In the realm of mathematics, particularly in algebra and geometry, the Multiplication and Division Postulates are crucial principles. These postulates pertain to manipulating expressions, equations, and inequalities in order to isolate and solve for variables. Here are the definitions for the Multiplication \& Division Postulates:
Multiplication Postulate
If \( a = b \), then \( a \times c = b \times c \)
If equal quantities are multiplied by the same quantity, the products are equal.
If congruent segments are multiplied by the same quantity, the products are congruent.
If congruent angles are multiplied by the same quantity, the products are congruent.
Division Postulate
If \( a = b \) and \( c \neq 0 \), then \( \frac{a}{c} = \frac{b}{c} \)
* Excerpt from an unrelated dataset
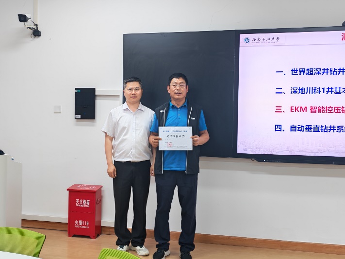 任濤教授以“從玩到學術研究-我的大學生活”為題,結合自身本碩博求學經歷,分享了如何將興趣轉化為科研動力,并圍繞管道機器人研發、學術成果轉化等展開論述。作為西南石油大學首屆“飛翔獎學術科技獎”獲得者,他深耕油氣智能裝備領域,研發的管道機器人已廣泛應用于多領域。聶榮國副教授則以“深地鉆井技術”為核心,系統解析了復雜地層鉆井技術難題及解決方案,其團隊在柔性鉆具組合強度分析等方面取得突破性成果,為深地工程安全高效作業提供了理論支撐。活動結束后,蔡燦代表學院為任濤教授和聶榮國副教授頒發了會議報告證書。

If equal quantities are divided by the same non-zero quantity, the quotients are equal.
If congruent segments are divided by the same non-zero quantity, the quotients are congruent.
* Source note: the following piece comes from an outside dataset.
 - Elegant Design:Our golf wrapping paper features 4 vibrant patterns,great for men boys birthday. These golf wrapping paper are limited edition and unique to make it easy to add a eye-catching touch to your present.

If congruent angles are divided by the same non-zero quantity, the quotients are congruent.
Algebraic Context
The Multiplication and Division Postulates serve as key tools to solve equations and inequalities in algebra.
Example
Consider the equation \( 2x = 14 \).
To find the value of \( x \), utilize the Division Postulate to divide both sides of the equation by 2:
\[ x = 7 \]
Angles Context
In geometry, especially when dealing with angles, the Multiplication and Division Postulates enable us to determine the measure of unknown angles given the measures of others.
Example
If \( m\angle ABC = \frac{1}{3} \times m\angle DEF \) and \( m\angle DEF = 90^\circ \), determine the measure of \( m\angle ABC \).
Applying the Multiplication Postulate:
\[ m\angle ABC = \frac{1}{3} \times 90^\circ \]
\[ m\angle ABC = 30^\circ \]
Segments Context
In the scenario of segment measures in geometry, the Multiplication and Division Postulates are instrumental in finding unknown segment lengths given the lengths of other segments.
Example
Given that segment \( AB = \frac{1}{2} \times CD \) and \( CD = 10 \) cm, find the length of segment \( AB \).
Employing the Multiplication Postulate:
\[ AB = \frac{1}{2} \times 10 \text{ cm} \]
\[ AB = 5 \text{ cm} \]